“So…” he prompted.

“So there was nothing to clean.”

Blake shrugged and gave up. The scrubwoman started to walk away. He put his hand on her shoulder and detained her. “What,” he asked, staring at her enviously, “is it like—the thirteenth floor?”

“Like the twelfth. And the tenth. Like any other floor.”

“And everyone,” he muttered to himself, “gets to go there. Everyone but me.”

He realized with annoyance that he’d spoken too loudly. And that the old woman was staring at him with her head cocked in sympathy. “Maybe that’s because,” she suggested softly, “you have no reason to be on the thirteenth floor.”

He was still standing there, absorbing the concept, when she and her colleagues bumped and clattered their way upstairs with mops, brooms, and metal pails.

There was a cough and the echo of a cough behind him.

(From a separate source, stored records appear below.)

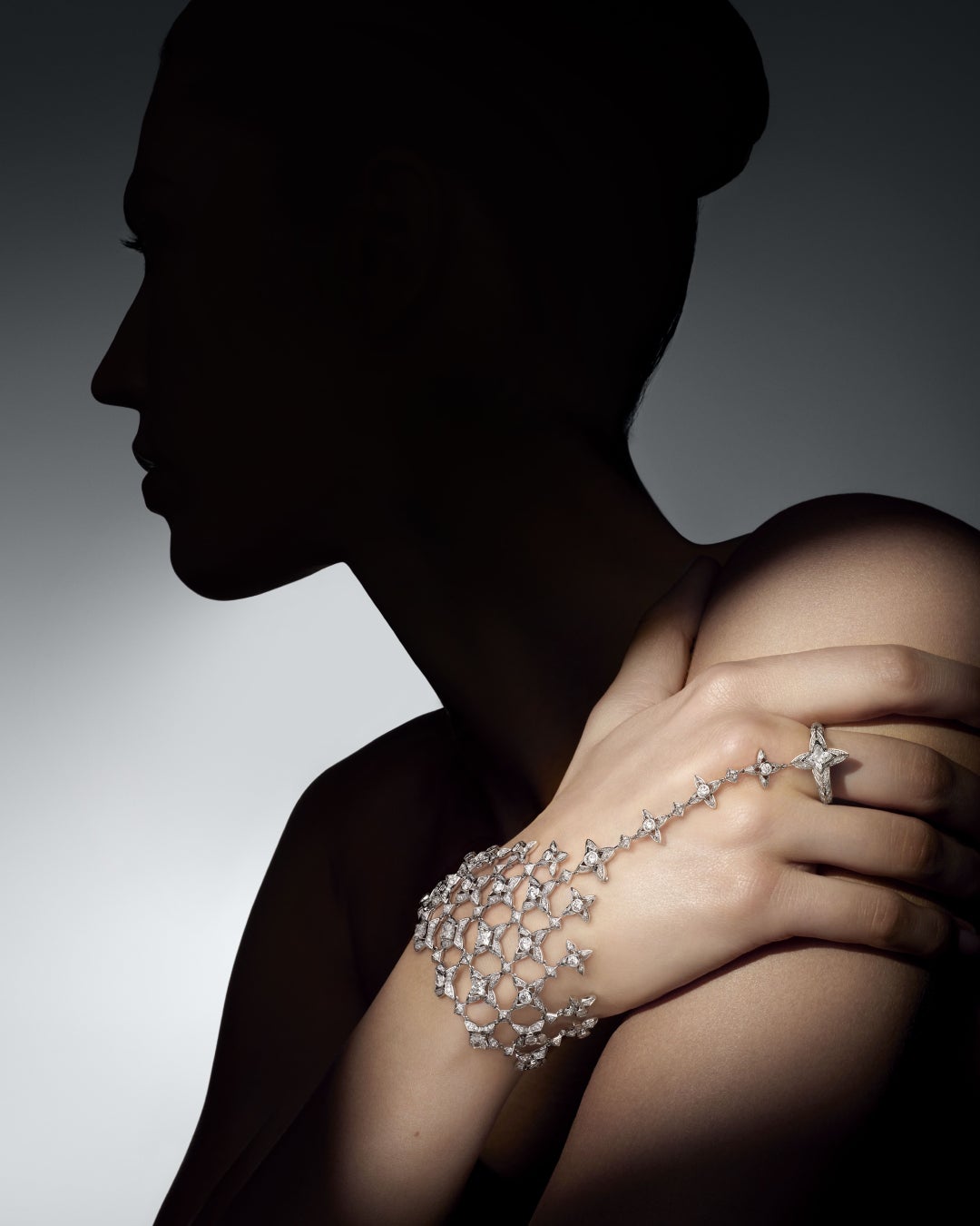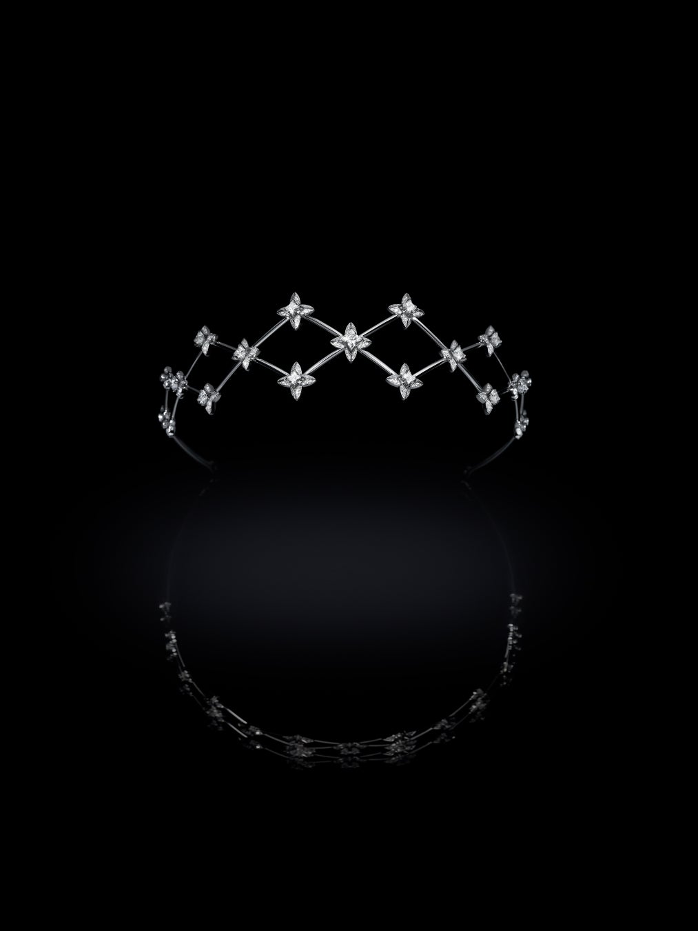 繊細なホワイトゴールドとLV モノグラムスターカットダイヤモンドからなるヘッドバンドは、ルイ·ヴィトンを時代の使者として讃えます。額にまとう幾何学的な格子模様は、「Awakened Hands」の細工と、その後の「Awakened Minds」の熟練の技を想起。伝統と本コレクションならではの発明へのオマージュを融合し遊び心を加えたヘッドバンドは、メゾンのグラフィックコードに精緻でフェミニンな繊細さを添えます。身体の動きに完璧に沿うLV モノグラムスターカットダイヤモンドのモチーフが各デザインに織り込まれ、驚くほど見事な仕上がりに。ダイヤモンドを連ねたチェーンをV字型に配置することで、トランスフォーマブルなブレスレットのグリッド状のオープンウィーブ構造が「Élégance」の象徴となるLV モノグラムスターカットダイヤモンドを集約。同じデザインは、2種のイヤリングにも美しく表現されています。1つは連動させたLV モノグラムスターカットダイヤモンドが滝のように流れるタペストリーを想わせ、もう1つは純粋さをシンプルに際立たせたもの。卓越した繊細な細工により、合計約18カラットのLV モノグラムスターカットダイヤモンドを中心に「Élégance」の遊び心が表現され、トランスフォーマブルなブレスレットやブローチなど、厳選された宝石が本コレクションを比類のない美しさと熟練の技で見事に飾ります。
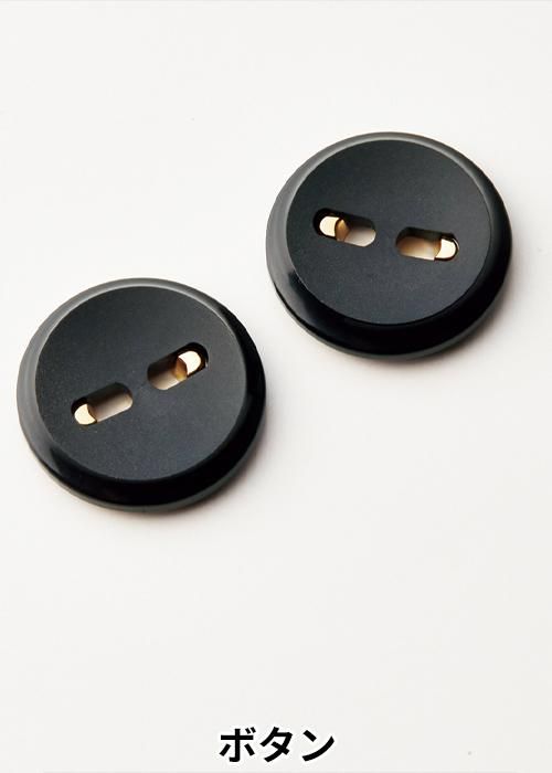 艶のある黒のサテンがラペルやポケットにあしらわれてアクセントに。
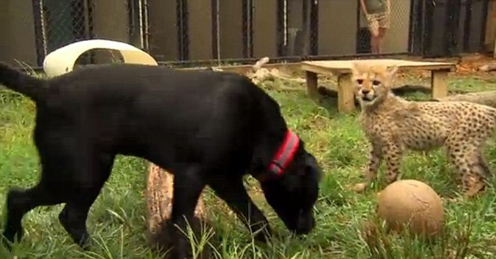 V prirodzenom prostredí by si zrejme išli po krku, no v zoo sú z nich nerozluční priatelia. Labrador Max vyrastal s mláďaťom geparda Savannah v spoločných priestoroch. Tak si na seba zvykli, že im nerobí problém sa spolu aj zahrať.
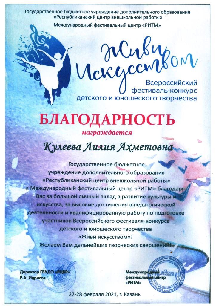Всероссийский конкурс искусств "Территория творчества" - Благодарность Файзрахмановой Л.Ш.;
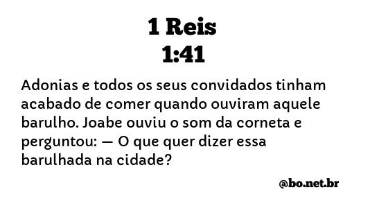 Adonias e todos os seus convidados tinham acabado de comer quando ouviram aquele barulho. Joabe ouviu o som da corneta e perguntou: —O que quer dizer essa barulhada na cidade? (1 Reis 1:41 NTLH)
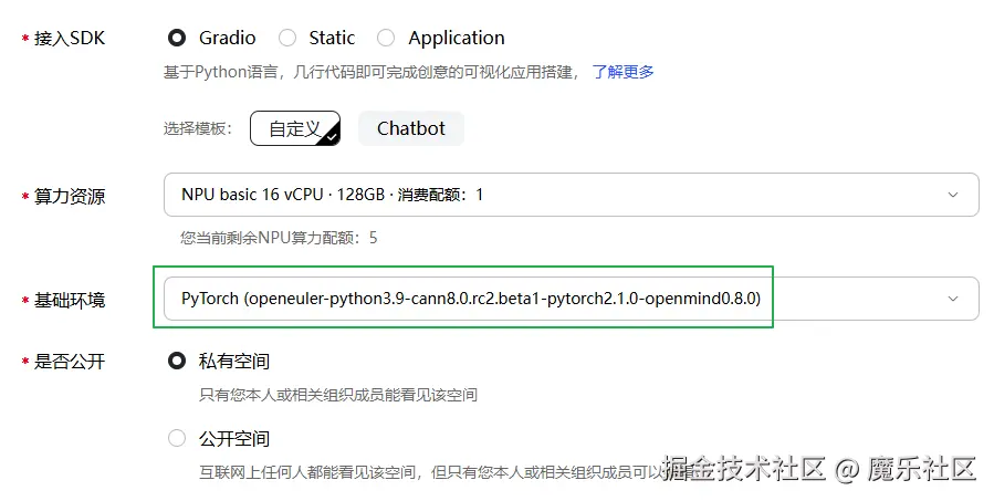 - 当用户选择 PyTorch (openeuler-python3.9-cann8.0.rc2.beta1-pytorch2.1.0-openmind0.8.0) 基础环境,对应的基础镜像就是 registry.modelers.cn/base_image/openmind:openeuler-python3.9-cann8.0.rc2.beta1-pytorch2.1.0-openmind0.8.0

He turned. Mr. Tohu and Mr. Bohu bowed. Actually, they seemed to fold and unfold.

“For the lobby directory” said the tall man, giving Blake a white business card. “This is how we are to be listed.”

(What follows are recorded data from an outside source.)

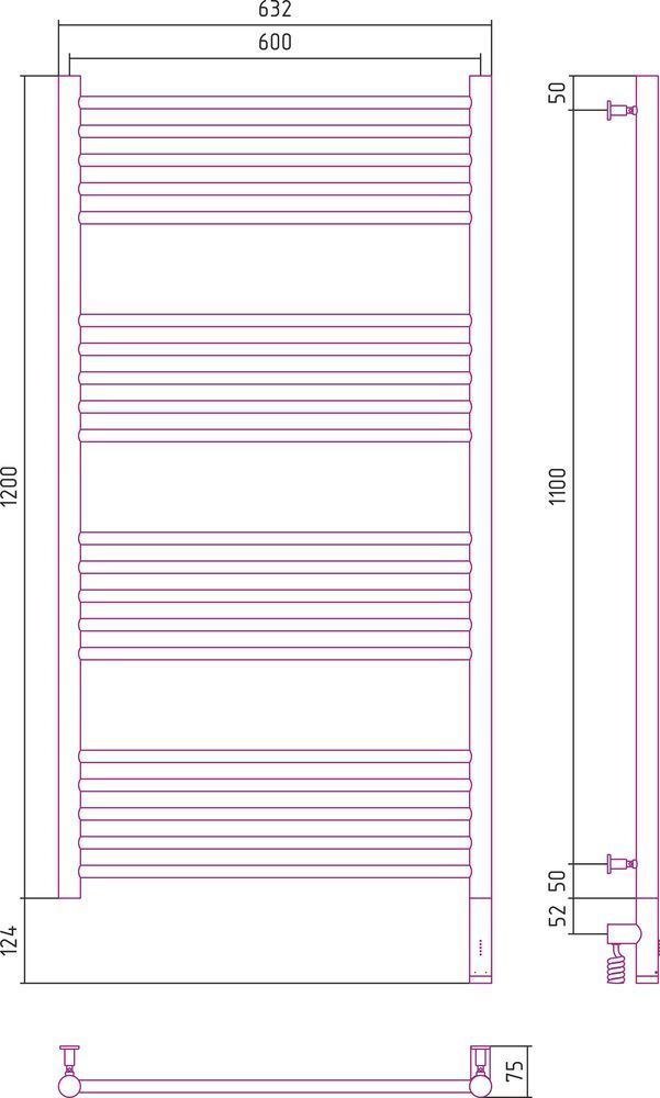 Электрический полотенцесушитель Сунержа Богема 3.0 1200х600 мм, 20 перекладин(5-5-5-5). Мощность 300 Вт, цвет белый. Интегрированное в корпус скрытое подключение.
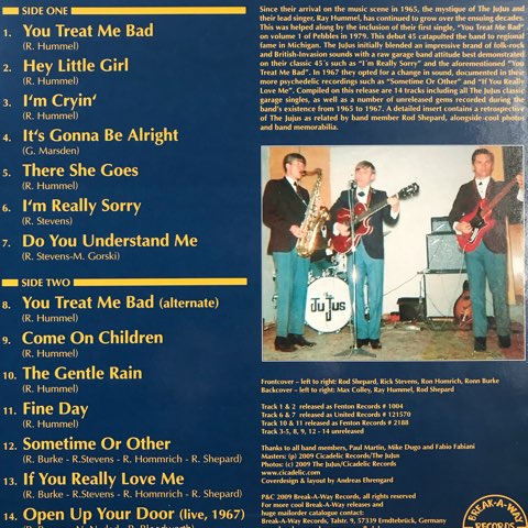 「Nuggets」と並ぶ人気ガレージ・コンピ・シリーズ「Pebbles」と「Back From the Grave」のそれぞれ記念すべきVol.1にも収録されたミシガン州のティーン・ガレージ・バンドThe JuJusが65〜67年に制作した7インチや未発表曲を集めたコンピレーション。オリジナル・シングルは鬼レアの「You Treat Me Bad」始め、無垢でナイーブ、トワイライトで胸キュンな最高のティーン・ガレージ名曲の数々を収録。曲がマジでいい!!
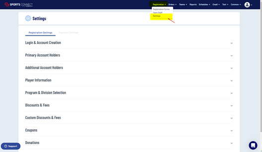 In the blue Tool Bar click on Registration, then click on Settings.
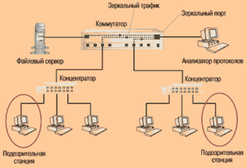 Если в коммутаторе специальный порт отсутствует, то анализатор (или агент) следует подключать к портам интересующих доменов сети в максимальной близости к наиболее подозрительным станциям или серверу (см. рисунок 3.6 ). Иногда это может потребовать использования дополнительного концентратора. Данный способ предпочтительнее первого. Исключение составляет случай, когда один из портов коммутатора работает в полнодуплексном режиме. Если это так, то порт предварительно необходимо перевести в полудуплексный режим.
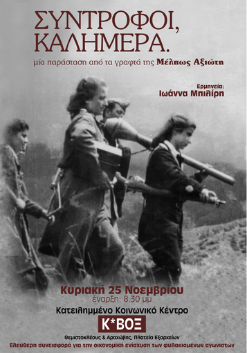 Το κατειλημμένο κοινωνικό κέντρο Κ*Βοξ σάς προσκαλεί στη θεατρική παράσταση ΣΥΝΤΡΟΦΟΙ, ΚΑΛΗΜΕΡΑ που βασίζεται σε κείμενα της Μέλπως Αξιώτη, την Κυριακή, 25/11 στις 20.30.
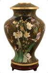 The Butterfly cloissoné urn and mahogany stand is a truly stunning piece of craftsmanship and makes a vibrant and individual presentation. The urn is hand-cast in solid brass with each individual enamelled cloisonné attached by hand.
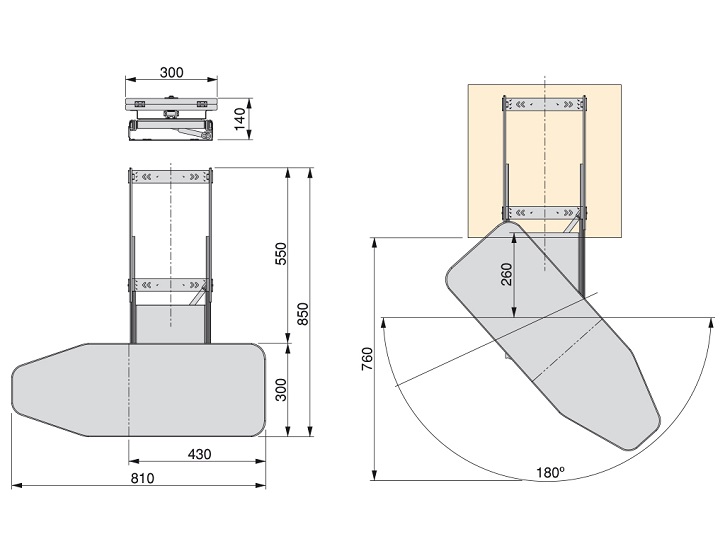 180º si are un sistem de blocare pentru a o fixa in orice directie astfel incat sa puteti calca hainele cu usurinta.
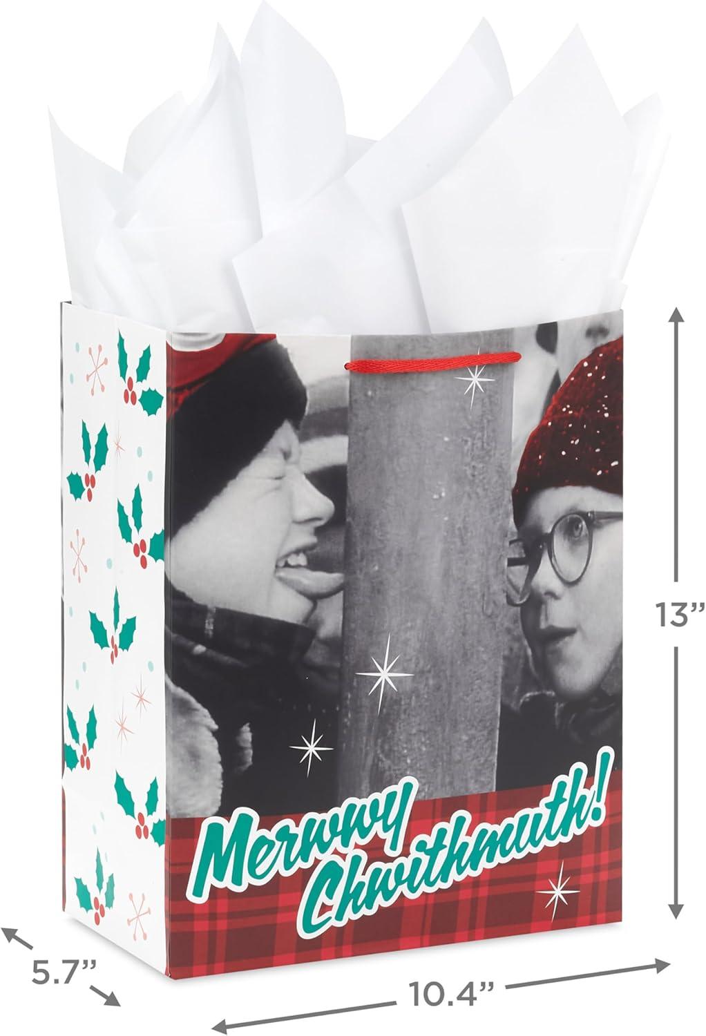 Hallmark 13″ Large Elf Gift Bag with Tissue Paper (Movie Quote: “The Best Way to Spread Christmas Cheer…”) for Kids, Grandchildren, Adults(A Christmas Story)

G. TOHU K. BOHU Specialists in Intangibles For the Trade

Blake struggled, licked his lips, fought his curiosity and lost. “What kind of intangibles?”

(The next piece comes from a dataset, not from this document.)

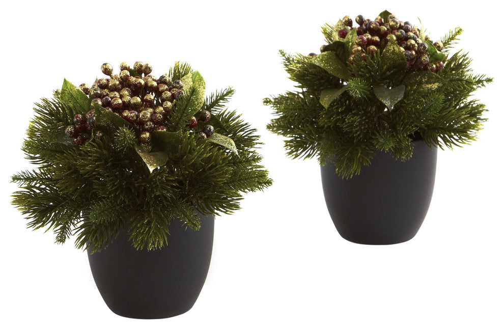 Your holiday decorating just got easier with this beautiful pine and berries mix. With crisp pine, lush berries, leafy greens, all nestled into a beautiful black pot, you''ll have no trouble figuring out where to display it. In fact, we''ll double your options by making this a set of two. Looks great anywhere in your home or office, and makes an ideal gift as well.
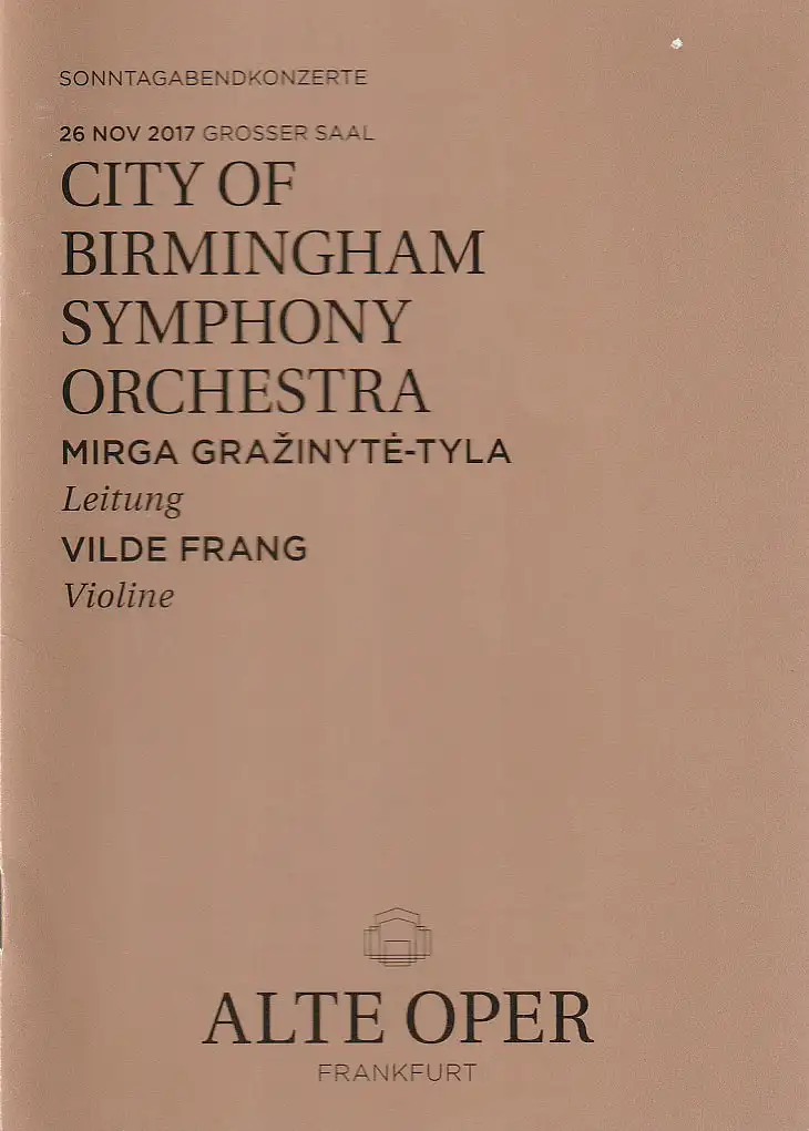 City of Birmingham Symphony Orchestra. Leitung: Mirga Grazinyte-Tyla. Vilde Frang, Violine. Programm: WOLFGANG AMADEUS MOZART: Ouvertüre zur Oper Die Zauberflöte. EDWARD ELGAR: Konzert für Violine und Orchester h-Moll, op. 61. LUDWIG VAN BEETHOVEN: Sinfonie Nr. 6 F-Dur op. 68 ( pastorale ). - Theaterprogramm, Opernprogramm, Ballettprogramm, Musicalprogramm, Konzertprogramm, Theatermemorabilia, Programmhefte Sammlung, deutsche Theatergeschichte.

The tall man looked at the tiny man. The tiny man shrugged. “Soft ones,” he said.

They walked out.

Blake was positive he saw the tall man pick up the tiny man a moment before they stepped into the street. But he couldn’t see what he did with him. And then there was the tall man walking down the street all by himself.

From that day on, Sydney Blake had a hobby. Trying to work out a good reason for visiting the thirteenth floor. Unfortunately, there just wasn’t any good reason so long as the tenants created no nuisances and paid their rent regularly.

Month in, month out, the tenants paid their rent regularly.